Cette opportunité estivale s'est révélée humanisante pour sa mise en lumière de l'importance et de l'impact de la petite lueur qui brille en chacun. En ayant parcouru l'intérieur du corps humain à l’aide d’un scalpel, on réalise que nous sommes tous faits des mêmes constituants élémentaires, mais que nous apportons tous notre chaleur singulière au monde. L'individualisation de l'humanité me permet de poser un doux regard sur les particularités de chacun, tant à l'extérieur qu'à l'intérieur. Par exemple, la façon qu'ont les gens de se présenter au monde me paraît plus évocatrice qu’avant : leur style vestimentaire, leur façon de se coiffer, de se maquiller, les bijoux qu'ils portent fièrement. Puis, les valeurs, les aspirations et les rêves d’un individu me semblent d'autant plus authentiques.

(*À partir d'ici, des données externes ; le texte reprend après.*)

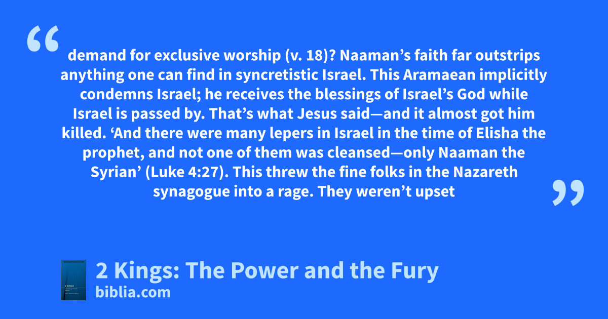 demand for exclusive worship (v. 18)? Naaman’s faith far outstrips anything one can find in syncretistic Israel. This Aramaean implicitly condemns Israel; he receives the blessings of Israel’s God while Israel is passed by. That’s what Jesus said—and it almost got him killed. ‘And there were many lepers in Israel in the time of Elisha the prophet, and not one of them was cleansed—only Naaman the Syrian’ (Luke 4:27). This threw the fine folks in the Nazareth synagogue into a rage. They weren’t upset

Je suis tombée amoureuse de la petite flamme qui anime chaque personne et qui émane de leur corps. Je me sens davantage éblouie par la grâce des gestes altruistes autour de moi, par la beauté des imperfections, par la tendresse des mille et une façons de dire « je t'aime », par l'humour de mes collègues, par la douceur d'un sourire partagé, par le caractère rassurant d'un câlin, par la complicité d'un clin d'œil envoyé. Mon entourage me semble plus précieux qu'avant. Comme je trouve mes amis et mes confrères si beaux, attentionnés et résilients! Leur étincelle humaine n’est certainement pas attribuable à une seule structure anatomique partagée nommée « flibus ». Au contraire, ces personnalités rayonnantes qui m'entourent chaleureusement proviennent du façonnement intangible d'une pléthore de facteurs comme leur culture, leurs proches, leurs expériences, leurs échecs et réussites, leurs histoires d’amour, leur parcours sur cette Terre; bref, ce qui font d'eux des humains.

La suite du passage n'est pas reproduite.